Today, the countries with the highest proportion of people over 60 are Japan (31%), Italy (27%), and Germany (26%) with 7 other European countries not far behind. But the countries that are aging most rapidly include 4 in the Middle East (UAE, Iran, and Oman) and 4 in Asia (Singapore, Korea, Viet Nam, and China).




Accompanying the shifting age distribution will be an ever more dramatic dependency ratio: the number of people over 65 for every 100 people aged 20-64. This means that fewer and fewer young people will have to sustain more and more old people. And it will be in the low and middle income countries that all this transformation will be occurring most rapidly.
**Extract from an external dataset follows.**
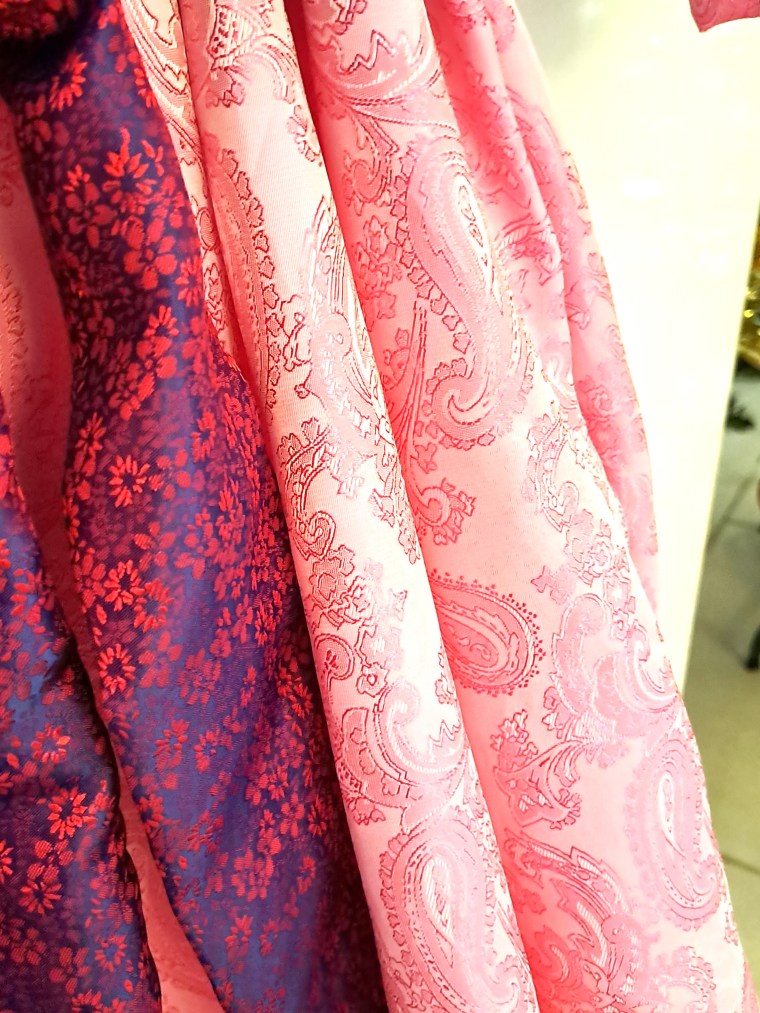 Ik heb geen glitterstofje gevonden maar Els had nog iets veel beters: voeringstof met een paisley motiefje… in het roze! Da’s al mooi. Nu nog iets om een accentje te leggen. Dat werd een donkerrood voeringsstofje. Tevreden over mijn buit keerde ik terug maar ik kon nog niet direct beginnen met naaien. Ik moet de chaos in mijn hoofd de baas blijven: daarom is het de regel dat ik een naaiproject afmaak voor ik aan een ander mag beginnen. Natuurlijk bleek mijn ander project iets langer te duren dan voorzien en ik had nog maar twee dagen voor het familiebezoek waar ik het moest afgeven. En ik had nog geen patroontje…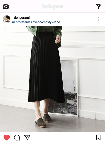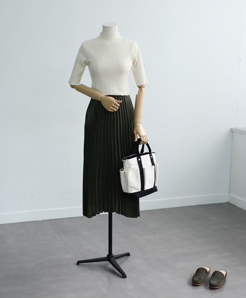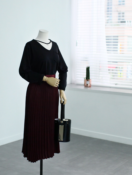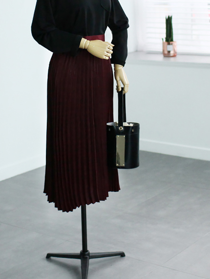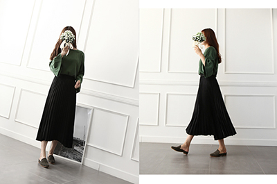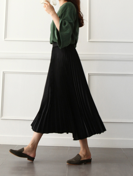 Pleat Shatin Long Skirt 55 ~ 77 Women's 40s vintage retro print out size

The reason all this matters is that it will put an enormous strain—economic, medical, and social—on everyone, but especially on the poorest countries in the world. It will affect demand—for goods (more walkers than tricycles) and for labor (more personal care attendants than elementary school teachers). The net effect may be as destabilizing as nuclear weapons. As a position paper published by the State Department and the National Institute on Aging put it, global aging represents a “triumph of medical, social, and economic advances over disease”—but it also represents an enormous and most governments have not even begun to plan for the long term.

So we have one more thing to worry about, along with climate change and religious fundamentalism and infectious diseases. What can we do about it? We do not need to accept the doomsday scenario of massive workforce shortages, asset market meltdowns, economic growth slowdowns, financial collapse of pension and healthcare systems, and mass loneliness and insecurity. But we do need to take steps now.


There are lots of interventions that can make a difference. 
One is to raise the normal legal retirement age. Another is to use international migration. A third is to reform health care systems, incorporating new models of long term care. A fourth is to encourage businesses to employ older workers, enabling them to work part time and facilitating their continuing productivity through environmental modifications that address mobility, vision, hearing, and other deficits. Economists, sociologists, demographers, historians and physicians at places including the World Bank and the Stanford University Center on Longevity have come up with a menu of strategies.

It’s up to all of us to pressure both the private and public sectors to act. Contact your senators and representatives. Write letters to the editor to major newspapers. The time to act is now.